The input -
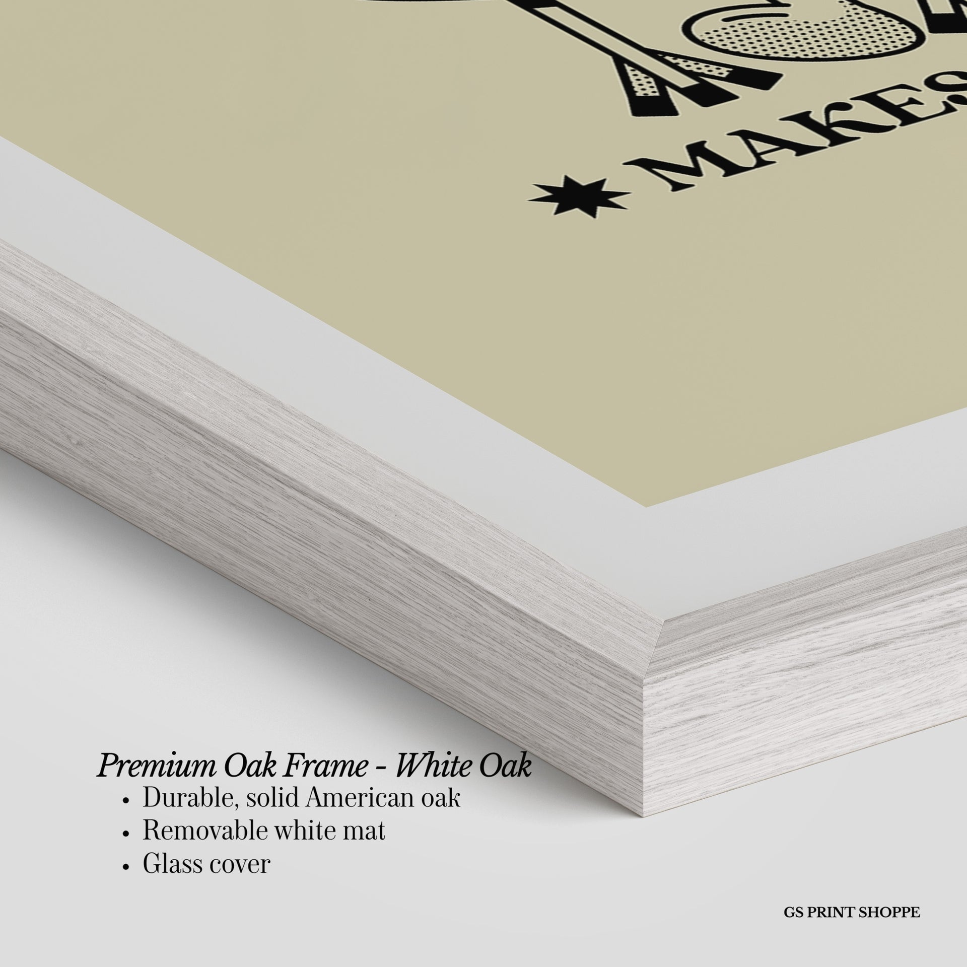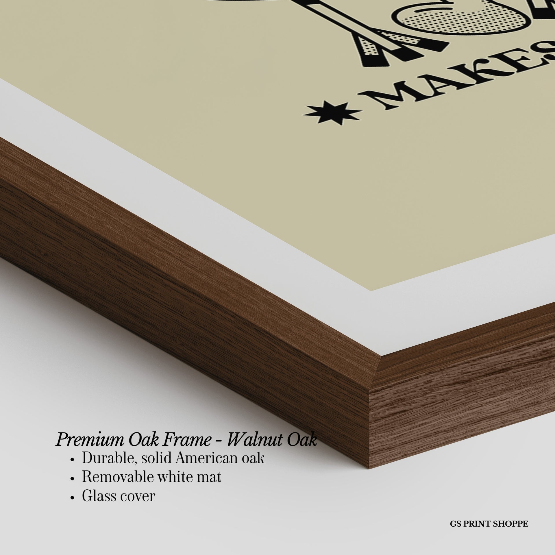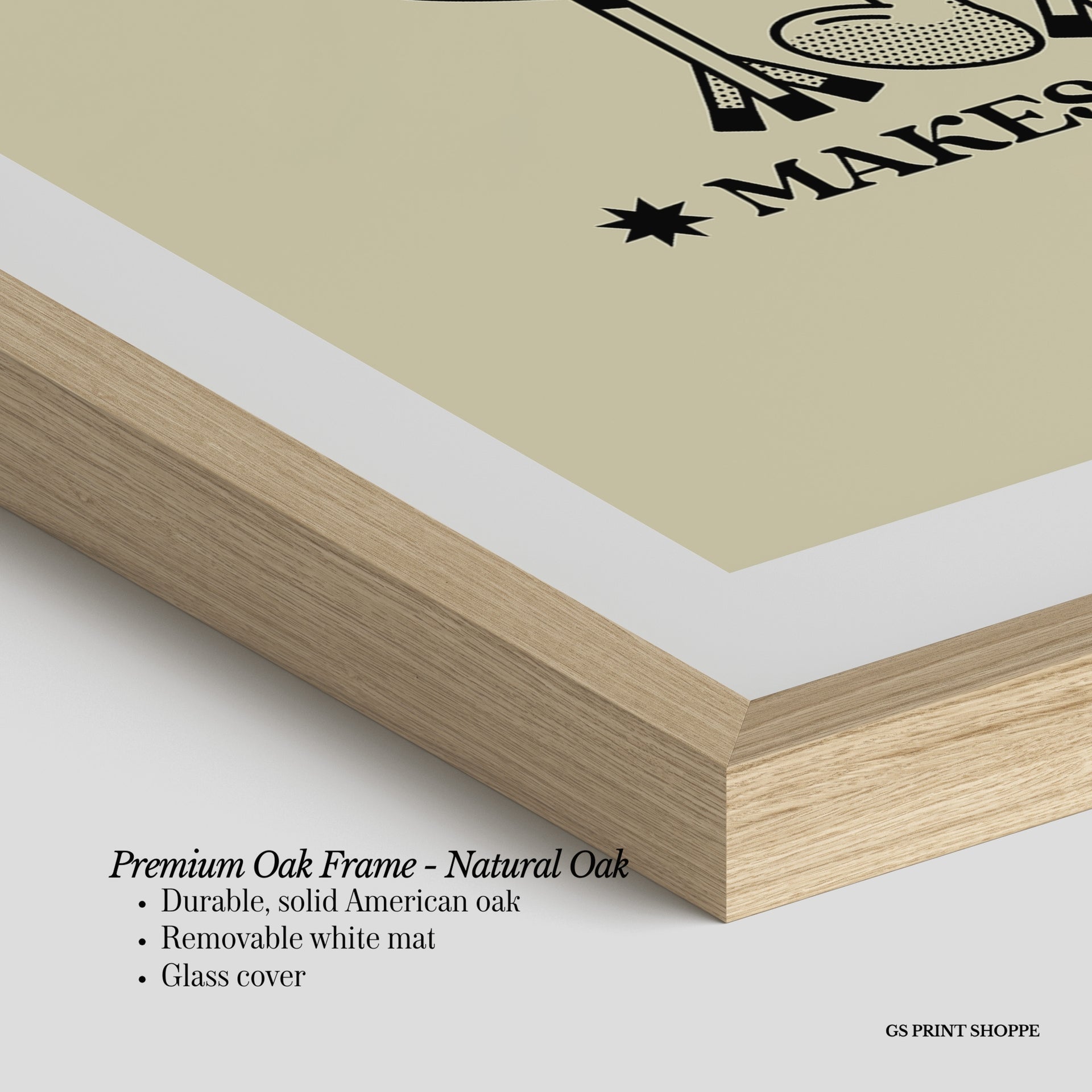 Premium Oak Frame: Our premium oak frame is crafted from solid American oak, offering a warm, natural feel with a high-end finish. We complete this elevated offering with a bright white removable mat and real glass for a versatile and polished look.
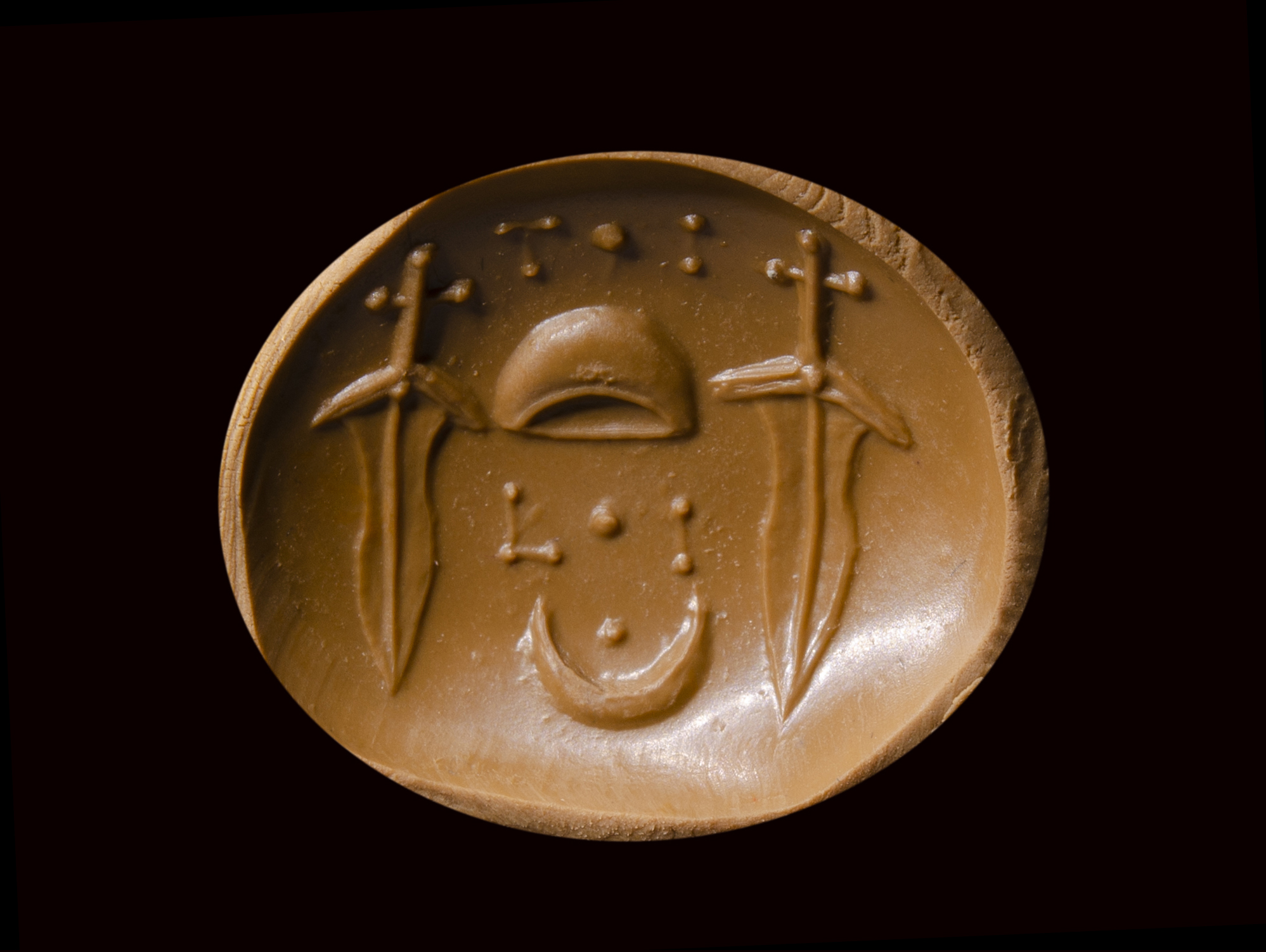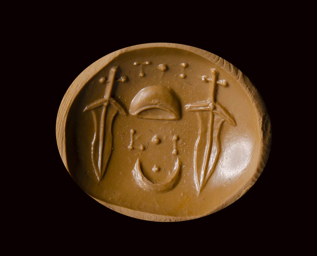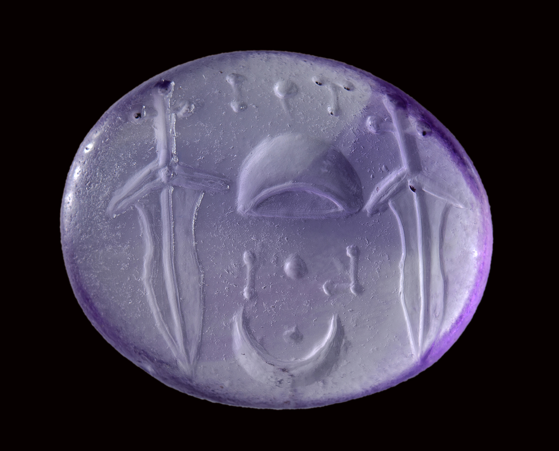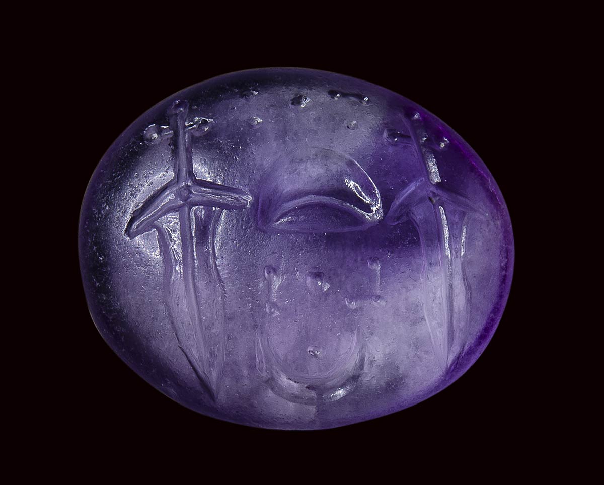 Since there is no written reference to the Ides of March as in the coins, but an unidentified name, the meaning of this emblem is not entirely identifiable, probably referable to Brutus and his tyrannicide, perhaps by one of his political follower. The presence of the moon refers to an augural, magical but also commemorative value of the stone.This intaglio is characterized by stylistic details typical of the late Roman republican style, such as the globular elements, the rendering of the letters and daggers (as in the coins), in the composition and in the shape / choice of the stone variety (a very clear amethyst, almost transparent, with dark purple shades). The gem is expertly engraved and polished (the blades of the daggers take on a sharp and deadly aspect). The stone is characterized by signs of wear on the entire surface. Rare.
--
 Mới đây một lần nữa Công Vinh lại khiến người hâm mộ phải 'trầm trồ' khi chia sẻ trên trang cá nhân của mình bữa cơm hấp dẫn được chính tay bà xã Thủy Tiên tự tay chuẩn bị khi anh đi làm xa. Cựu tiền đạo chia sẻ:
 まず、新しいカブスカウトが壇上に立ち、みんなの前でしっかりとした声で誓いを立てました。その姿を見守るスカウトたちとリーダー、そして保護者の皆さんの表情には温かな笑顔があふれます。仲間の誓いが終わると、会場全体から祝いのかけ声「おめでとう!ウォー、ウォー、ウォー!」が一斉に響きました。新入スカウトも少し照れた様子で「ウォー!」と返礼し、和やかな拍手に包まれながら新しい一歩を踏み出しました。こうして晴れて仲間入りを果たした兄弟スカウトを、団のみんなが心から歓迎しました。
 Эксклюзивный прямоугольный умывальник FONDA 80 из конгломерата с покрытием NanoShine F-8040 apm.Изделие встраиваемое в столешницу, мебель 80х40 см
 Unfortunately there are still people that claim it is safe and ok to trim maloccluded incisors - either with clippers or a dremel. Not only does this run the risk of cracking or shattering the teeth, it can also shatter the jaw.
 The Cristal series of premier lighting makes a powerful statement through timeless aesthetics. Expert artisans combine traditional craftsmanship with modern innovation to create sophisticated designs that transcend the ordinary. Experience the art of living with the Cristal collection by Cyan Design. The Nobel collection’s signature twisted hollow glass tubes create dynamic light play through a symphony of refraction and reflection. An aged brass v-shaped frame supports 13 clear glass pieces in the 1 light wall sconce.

What the exercise asks -
What you return from the records above should be exactly everything from the line with "Premium Oak Frame: Our" down to the line with "Since there is", both kept, and no pictures.

Task result -
 Premium Oak Frame: Our premium oak frame is crafted from solid American oak, offering a warm, natural feel with a high-end finish. We complete this elevated offering with a bright white removable mat and real glass for a versatile and polished look.
 Since there is no written reference to the Ides of March as in the coins, but an unidentified name, the meaning of this emblem is not entirely identifiable, probably referable to Brutus and his tyrannicide, perhaps by one of his political follower. The presence of the moon refers to an augural, magical but also commemorative value of the stone.This intaglio is characterized by stylistic details typical of the late Roman republican style, such as the globular elements, the rendering of the letters and daggers (as in the coins), in the composition and in the shape / choice of the stone variety (a very clear amethyst, almost transparent, with dark purple shades). The gem is expertly engraved and polished (the blades of the daggers take on a sharp and deadly aspect). The stone is characterized by signs of wear on the entire surface. Rare.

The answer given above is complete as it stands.